Steady-state voltage (~−70 mV) maintained by Na+/K+ ATPase gradients and differential permeability. At rest, K+ conductance dominates.
To understand the resting membrane potential, start with what the Na+/K+ ATPase has already accomplished: it has used ATP to pump Na+ out and K+ in against their respective concentration gradients, creating a cell interior that is high in K+ (~140 mM) and low in Na+ (~15 mM) relative to the extracellular fluid. This pump runs continuously and is the engine that makes everything else possible. Without it, the gradients — and the resting potential — would collapse.
With those gradients in place, consider what happens at the membrane. At rest, the membrane contains many open K+ leak channels and very few open Na+ channels. K+ ions, driven by their concentration gradient (high inside → low outside), flow outward through the leak channels. As positive charges leave, the inside of the membrane becomes increasingly negative. This growing negativity exerts an electrical pull back on K+ — and at some point the outward chemical drive and the inward electrical pull balance exactly. That balance point is the K+ equilibrium potential, approximately −90 mV.
The resting membrane potential sits at about −70 mV rather than −90 mV because the membrane is not perfectly impermeable to Na+. A small but nonzero Na+ conductance allows a trickle of Na+ to flow inward (driven by both its concentration gradient and the negative interior), nudging the potential slightly positive of E_K. The Goldman equation formalizes this: the resting potential is a conductance-weighted average of all ion equilibrium potentials, dominated by K+ but slightly offset by Na+ and Cl−.
A common misconception is that the Na+/K+ ATPase is directly pumping the membrane to −70 mV the way a battery charges a capacitor. In reality, the pump's direct electrogenic contribution (3 Na+ out, 2 K+ in per cycle — net −1 charge per cycle) accounts for only a few millivolts. What the pump actually does is maintain the concentration gradients that the leak channels then convert into voltage. If you block the pump with ouabain, the resting potential does not collapse immediately — the gradients can sustain the potential for some time before dissipating.

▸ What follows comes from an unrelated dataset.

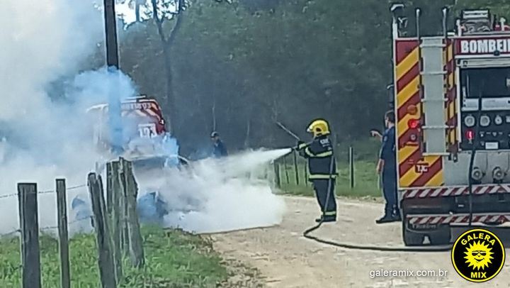Bombeiros foram acionados para tentar controlar o fogo, mas o carro, um Ford/Fiesta, ficou completamente destruído. Ele era a gás, o que pode ter contribuído para que o fogo tivesse início.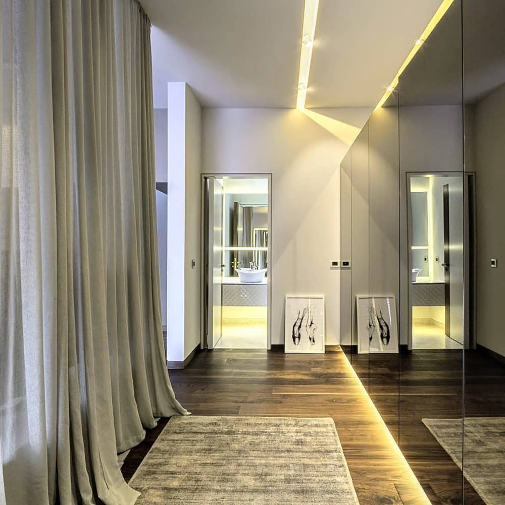 Las paredes que envuelven esta área se funden en el diseño para aportar amplitud por medio de los espejos, y dar continuidad con las puertas de lujo de los closets de Kitchen Studio.

Understanding the resting membrane potential is essential for what comes next: action potentials. The −70 mV resting state is like a compressed spring. When voltage-gated Na+ channels open (e.g., upon sufficient depolarization), Na+ rushes inward down both its concentration and electrical gradients, and the membrane rapidly depolarizes toward +60 mV. The resting potential you have just studied is the baseline from which that explosive reversal begins.